7 Ekim 2023 gününden bu yana hemen her gün uçaklardan attıkları bombalarla, Gazze'yi harabeye çeviren; Mescid-i Aksa'da ibadet için gelen Müslümanlara karşı insanlık dışı muameleyi reva gören, yanlarına aldıkları ABD ve diğer Avrupa ülkelerinin desteğiyle Filistin topraklarında görülmemiş zulüm ve vahşete imza atan işgalci ve terör devleti İsrail'in, akıl almaz saldırıları haberlerini alıyoruz, ekranlardan izliyoruz günlerdir...
Rakamlar, çoğu çocuk ve kadın yedi bini aşkın can kaybı, yirmi binden fazla yaralıya dikkat çekerken otuz bin gibi yüksek sayıdaki evin harab olduğunu işaret ediyor. Masum sivillerin hayatına kast eden zalimlere hiç kimse engel olamadığı gibi yanlarına aldıkları ABD ve diğer ülkelerden; dünyaca meşhur şirketlerden destek görmeleri de ayrı bir hüzün kaynağı… Sözün tam anlamını bulduğu, masumların öldürüldüğü ve "insanlığın öldüğü" yer, Filistin toprakları şimdi…
Günlerdir dünyada ve ülkemizde, zalim İsrail'in soykırıma dönüşen savaş ilanı ve vahşi saldırıları düzenlenen gösterilerle protesto edildi. İnsanlar, ilk günden itibaren bölgedeki yardım kuruluşları aracılığıyla bölgedeki temsilciliklere para ve ayni yardımlar ulaştırmaya başladı. Ancak bunlar sadece hayatta kalabilenler ve yaralılar için işe yaradı. Moral desteği olarak bir metanet vesilesi oldu, bir şifa vasıtası… Hepsi bu kadar!.. Ne bir füzesine engel olunabildi ne kurşununa ne de fosfor bombasına, zalimin… Adına "Birleşmiş Milletler" denilen teşkilat, bir kınamayı bile çok görürken, ne İslam Ülkeleri İşbirliği Teşkilatı bir aksiyon alabildi ne de bir İslam ülkesinden inisiyatif çıkabildi vesselam…
Bugüne kadar sürecin ta başından beri ülkemizin gerek devlet adamları gerekse halkıyla, Filistinli kardeşlerinin derdiyle dertlenme konusunda hassasiyet gösterdiği, çaba sarfettiği ve elinden geleni yapma konusunda gayretli olduğunu gördük.

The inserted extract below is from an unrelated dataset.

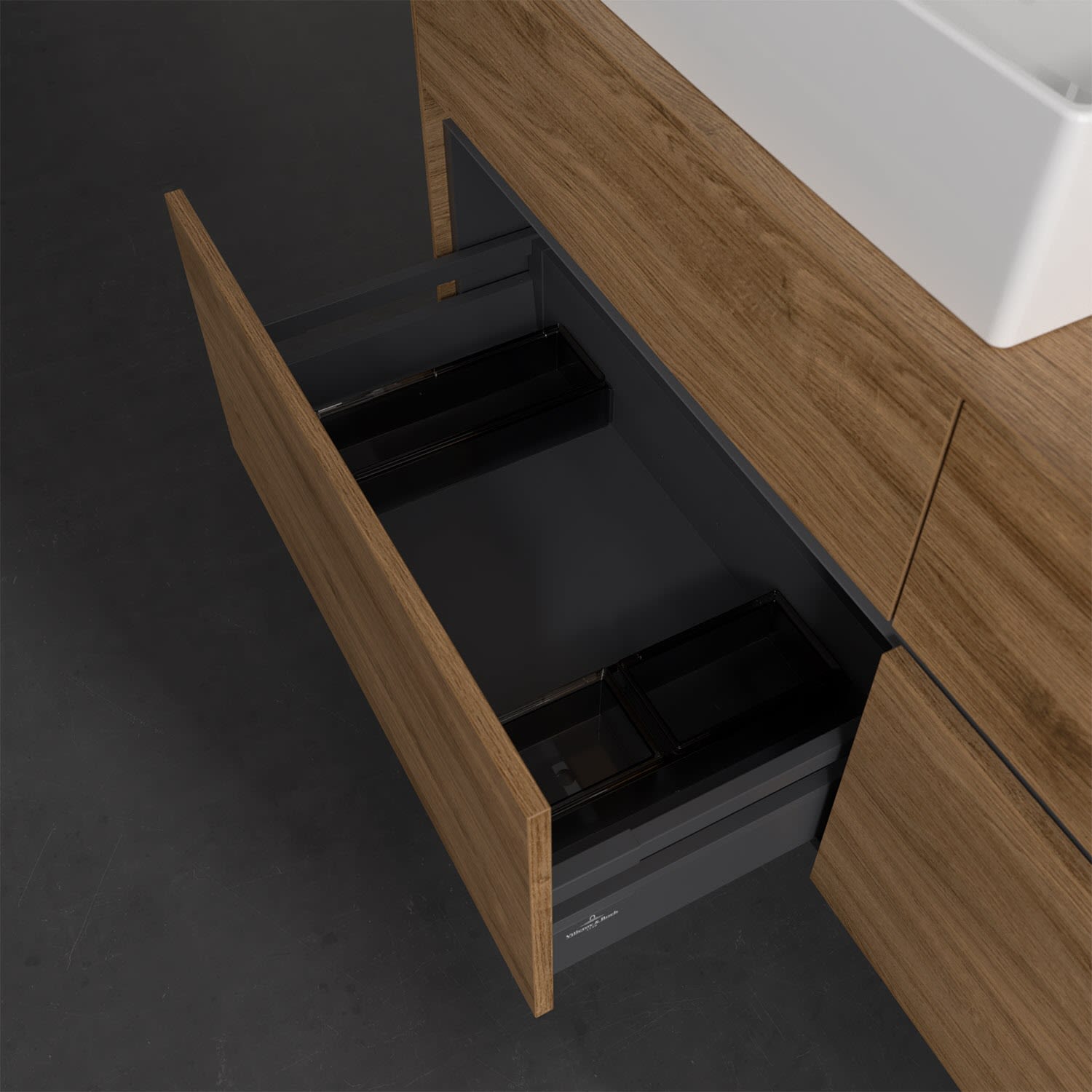 Stauraumwunder im zeitgemäßen Design: Der Villeroy & Boch Waschbeckenunterschrank aus der Collaro Kollektion eignet sich besonders für Familienbäder und bietet genau den Platz, der dort benötigt wird. Eine integrierte Griffleiste sorgt für eine schlichte, moderne Front. Im Inneren bietet das Möbelstück mit vier Auszügen erstaunlich viel Komfort – ermöglicht durch großzügiges Platzangebot und den integrierten Antirutschboden. Variabel setzbare Glasabtrennungen und mitgelieferte Accessory Boxen sorgen für den nötigen Überblick. Dank SoftClosing und Selbsteinzug lassen sich die Auszüge nach der Nutzung lautlos schließen. Für eine besonders leichte Reinigung sorgt die pflegeleichte Direktbeschichtung.

Bu hakkı teslim etmek gerek. Ancak aslında zaten bir müslümanın sahip olması gereken şuur ve taşıması icab eden bir nitelik bu… Çünkü "kardeşinin derdiyle dertlenmek" meselesi, sonu "aidiyyet" konusuna dayanan önemli bir mesele… Konuya dair uzun şeyler söylenebilir, ayet ve hadisler ortaya konabilir. Ama biz sadece bir hadis-i şerifle yetineceğiz bugün…
"Kardeşinin derdiyle dertlenmeyen" hadisi bize ne söyler?
İslam Peygamberi Hz. Muhammed (sav) Efendimiz bir hadis-i şerifinde şöyle buyurmuştu: "Men lâ yehtemmu bi derdi ahîhi feleyse minhüm." Hadis-i şerifi "Kardeşinin derdiyle dertlenmeyen, onlardan sayılmaz." cümlesiyle tercüme edebiliriz. Ashab-ı kiram da sonradan bu hadise muhatap olan müslümanlar da çok iyi bilirler ki Allah'ın, "birbirlerine kardeş kıldığı" müminlerdir, burada muhataplar… Böylece hadis-i şerifde şöyle bir hakikat ortaya çıkıyor: "Kim müslüman kardeşinin derdiyle ilgilenmez, dertlenmez ve onu önemsemezse, Müslümanlardan sayılmaz." Dolayısıyla, kişiyi mümin ve müslüman aidiyyetine vesile kılan hususlardan biri de kardeşinin derdiyle dertlenmek vasfına sahip olmaktır…
Bunu önemli bir uyarı olarak kabul eden müslüman toplumlar, zaman içinde İslam Medeniyeti'ni ortaya koyarken, din kardeşinin derdini her ne suretle olursa olsun önemsemiş ve derdine çare olmanın gayretini göstermiştir. Osmanlı; ecdadımız, bunun en güzel ve manidar örneklerini sergilemiştir, diyebiliriz. Özellikle Afrika kıtasında, Pasifik ve Uzak Doğu'da; dünyanın farklı ülkelerinde nerede bir Osmanlı eseri varsa hiç şüpheniz olmasın o eser, "kardeşinin derdiyle dertlenmek" şuuruyla oraya kazandırılmış, derde derman, sıkıntıya çare olması amacıyla yapılmıştır…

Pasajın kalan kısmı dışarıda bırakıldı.